The impact depends on a few factors. We Brazilians are mega-relational, relationships first, business second. In individualistic cultures, like the United States, remote work has a different impact. Furthermore, we have already had a significant return to face-to-face activities, and the trend is towards accommodation. In relation to culture and reputation, the first challenge for organizations is to consider consistency with the business model, fundamental values and the way in which the organization is structured to be managed. It can't be a fashion choice.
New work formats and their challenges
- Choice of format must be consistent with the business model;
- Use lessons learned during the Covid-19 pandemic, that is, evaluate what worked and what didn’t;
- Articulate all elements before implementation.
The second challenge is to guarantee learning during the pandemic. For example: what has been learned regarding decentralization and the types of activities that need to be in-person and those for which remote work is better? The answer is neither unique nor simple; These different elements need to be articulated.

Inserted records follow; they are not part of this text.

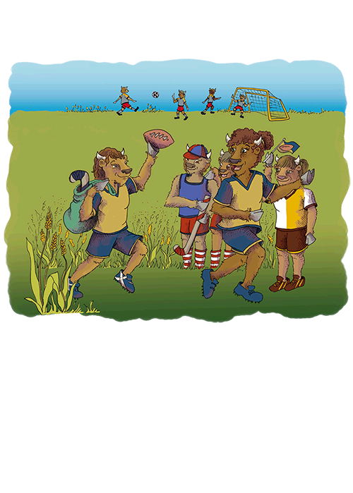 Just outside of Winnipeg, the bison play all kinds of sports on the prairie fields. But one day, Sheriff Buffy decides to take over all the fields so that the bison can only play hoofball! She tells Emma, a young hoofball player, that hoofball players are superior to all the other players. First, Sheriff Buffy goes after the field hockey players and takes over their fields. Emma and the other bison are too scared to speak up. Then Sherriff Buffy goes after the lacrosse players, and then the soccer players. Will Emma or any of the bison muster the courage to speak up before she comes for them?
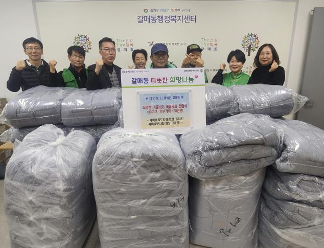 [무한뉴스=정승훈 기자] 구리시는 지난 3일 오후 4시 갈매동 행정복지센터에서 갈매동 새마을지도자회와 새마을부녀회가 에너지 취약계층 30가구에 130만 원 상당의 친환경 겨울 이불 30세트를 지원했다고 밝혔다.
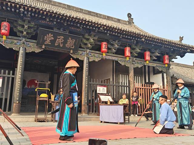 县衙还有一个最大的特色就是升堂表演啦。在 平遥 古城的 古县 衙大堂前,游客每天都会看到这样的表演,一位“县令”操着抑扬顿挫的北方音腔升堂断案,“和谐社会”、“双规”等现代热词不时“穿越”到表演现场,引得围观群众哄然大笑。那干练睿智的断案技巧、抽丝剥茧式的缜密推理,令人为之击节叹服。尽管这样的情景时常变换,但清政为民、惩恶扬善却是每场表演不变的主题。买了通票就可以看,不用单独买票。
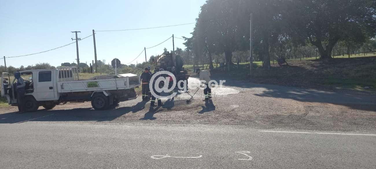 En el acceso del camino a paraje Pense desde ruta 2, frente a capilla San Enrique, se efectúa bacheo con asfalto en caliente y gravilla.
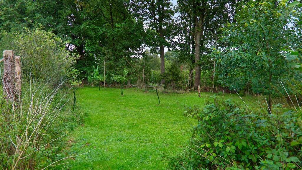 Auf der Rückseite geht das Grundstück fließend in eine waldreiche Landschaft über – mit einer beeindruckenden Vielfalt an Bäumen und Vegetation. Ein Paradies für Naturliebhaber.
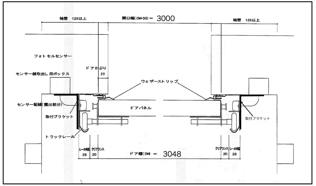 奥行きは同じくモーターを付ける場合、ガレージの上部の水平に4000mmが必要。
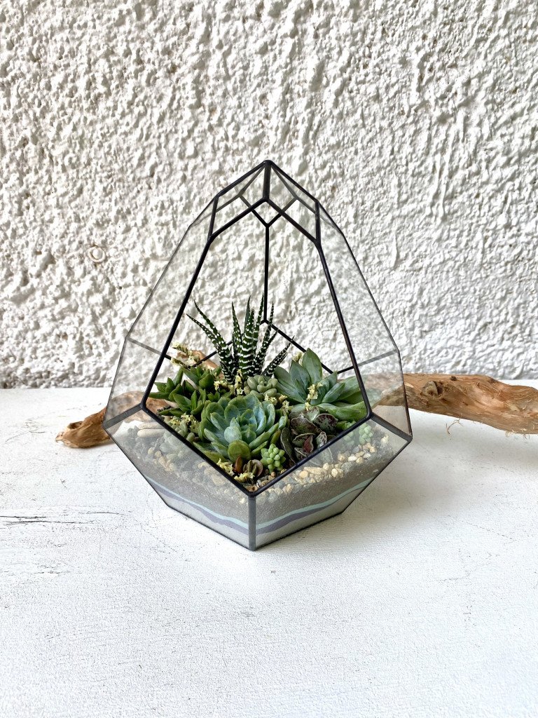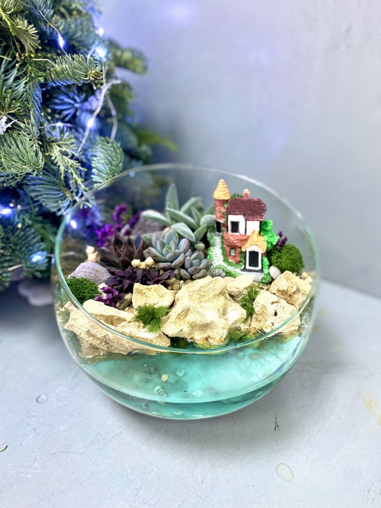 Пакет № 1 Входит: маленькая форма шар, шар с косым срезом, геометрический куб на выбор. Цветные пески, специально подготовленный грунт, 1 растение, декор в виде камней, сухоцветов, ракушек, стабилизированного мха. Можно добавить имитацию водоёма из эпоксидной смолы, фигурки, дополнительные растения по прайсу студии.

How can the reputation of leaders help strengthen company culture or, in some cases, even detract from it? Is this a concern today on executive boards and committees?
Increasingly, the reputation of people and the company are mixed. The company lends its reputation to people and people to companies. There is a discussion about the ethical limit of how much a company can or should influence each person's choices, but, on the other hand, people need to have their individual values connected with the organization's culture for this to make sense. Otherwise, it's like a plastic ball in the pool: as long as you hold it, it stays under the water, if you stop holding it, it rises. If individual values are very different from organizational values, the individual or their leadership or the context have to force the ball to stay under water and, then, there is a loss of productive energy.
What are the biggest risks to maintaining organizational culture and how can they impact reputation?
The disconnect between organizational culture and what the company considers to be what it wants to have brings a huge reputational risk. It also represents a reputational risk not understanding the nature of the social changes underway. Evil, like fake news, for example, is also a risk. How do you deal with evil, which is bolder than good and has deadly strategies? It's not simple.
Risks to culture and impact on reputation
- Decoupling between the desired and practiced reputational culture;
- Lack of understanding of the nature of social changes;
- Malicious practices such as the phenomenon of disinformation and the dissemination of fake news.